Todos os sequestrados estavam directa ou indirectamente ligados aos meios de comunicação social, quer pela via profissional quer parental, ou com figuras da política de grande destaque.
Os reféns eram pessoas relativamente conhecidas dos media cujo sequestro foi detalhadamente planeado de forma a causar grande impacto na opinião pública.
Face a estas circunstâncias, os familiares das vítimas que trabalhavam em programas de televisão emitiam programas, sessões ou rubricas especiais no sentido de confortarem os prisioneiros fazendo-lhes chegar mensagens de apoio semi-codificadas.
O que sobressai no relato de García Márquez é que, a par da neutralidade que sai da pena do escritor e se mantém ao longo de toda a narrativa sem cair na tentação de emitir juízos de valor – onde Escobar aparece como uma personagem de Mario Puzzo –, é a pusilanimidade do Presidente César Gavíria, a ineficácia dos serviços secretos colombianos face à generalização do crime organizado. Os tentáculos das organizações criminosas ramificam-se abrangendo a maior parte da população de Medellín, onde grassa a escassez de emprego e se torna cada vez mais difícil de resistir à tentação de se colocar sob a protecção de uma rede de organização criminosa.

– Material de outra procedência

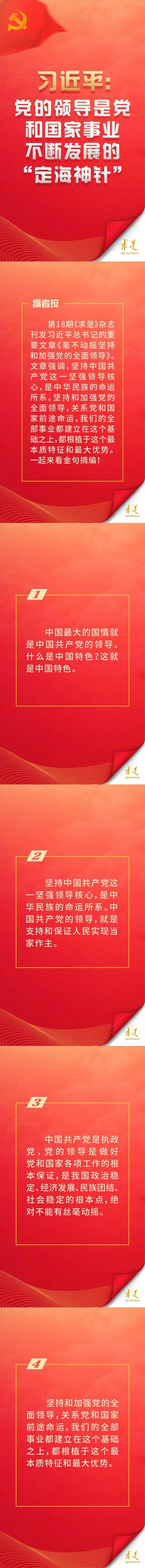 习近平:党的领导是党和国家事业不断发展的“定海神针”
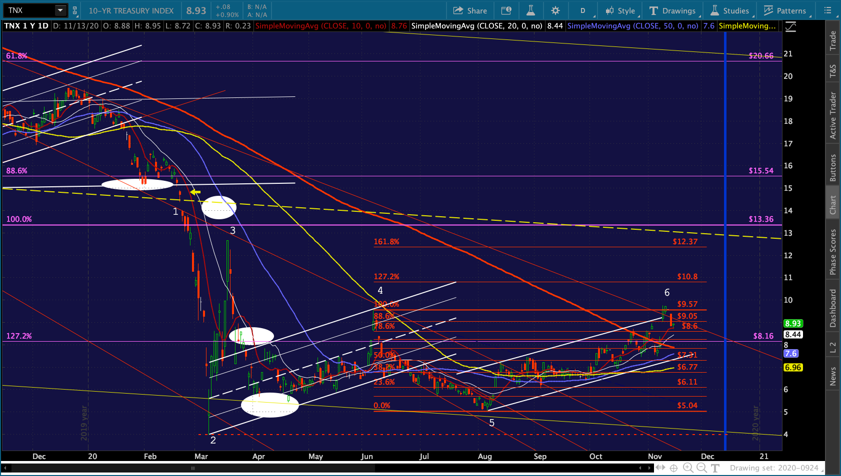 The correlations between DXY and TNX have been much more consistent with the exception of Point 4, when DXY made a significant bottom as TNX was peaking.
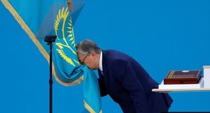 После инаугурации Токаева в социальных сетях появились шутки о том, что на церемонии он наклонился к флагу так, словно хотел высморкаться.
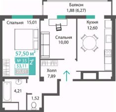 Продаётся 2-комнатная квартира в строящемся доме (ЭТАП 4, СЕКЦИИ Г1, Г2, Г3, Г4), срок сдачи: III-кв. 2028, общей площадью 53.11 кв.м., на 6 этаже. Новый жилой комплекс "Семейный квартал ПРОПОЛИС" от застройщика "Монолит" расположен по адресу: Республика Крым, Симферопольский район, с. Мирное, ул. Учительская
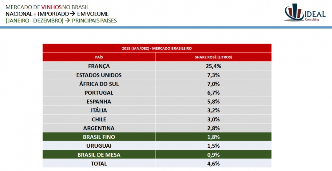 Outro ponto que me causou perplexidade foi quando citam os principais concorrentes dos vinhos franceses por cor. Tintos apontam para os chilenos. Concordo. Eles lideram com folga o segmento. Brancos citam Chile (15,7% dos vinhos chilenos exportados são brancos, como eles lideram 46% do volume a informação é justa), Brasil e Itália (exporta 41% menos do que Portugal), informação errada. Mas o que me choca são os concorrentes dos vinhos rosés, único mercado onde a França lidera, aqui eles citam exclusivamente a Itália. Me parece um erro grosseiro. Em 2018 segundo a Ideal, a França exportou 25,4% do volume de rosados, os EUA 7,3%, foi a moda do Zinfandel, seguido pela África do Sul, 7%, Portugal com seu popular Mateus Rosé atingiu 6,7% e Espanha com 5,8% é a quinta colocada. A Itália se contenta com um modesto sexto lugar e 3,2% de participação. Bem longe dos demais concorrentes.

Em relação aos sequestrados, García Márquez consegue transmitir ao leitor – se bem que de forma um pouco atenuada por se tratar de um relato em segunda mão – a angústia resultante do nível de pressão psicológica a que são submetidos e que, mais do que a violência física, acaba por abalar a sua estabilidade emocional. Um terrorismo psicológico exercido com requinte e preciosismo a raiar o sadismo, manifesto em restrições impossíveis como, por exemplo a limitação do acesso à casa de banho, aos cuidados de higiene, privacidade e comunicação entre os reféns e mesmo a simples movimentação de braços e pernas.
Em relação à personalidade dos sequestradores, esta é variável, consoante o grupo de sequestrados que tinham a seu cargo.
O grupo que sofreu mais medidas de coacção foi precisamente, o de Maruja Pachón, onde também se encontrava Marina Montoya, sobretudo na primeira fase do sequestro e na altura do assassínio de Marina, altura em que mudaram os elementos que os vigiavam.
O medo e a tensão psicológica eram também uma constante entre os sequestradores, sempre em permanente estado de alerta com o receio paranóico e quase que esquizofrénico de serem descobertos. Nota-se uma relação de personalidade directa entre o terror pânico de a operação ser desmantelada e os maus tratos aos sequestrados.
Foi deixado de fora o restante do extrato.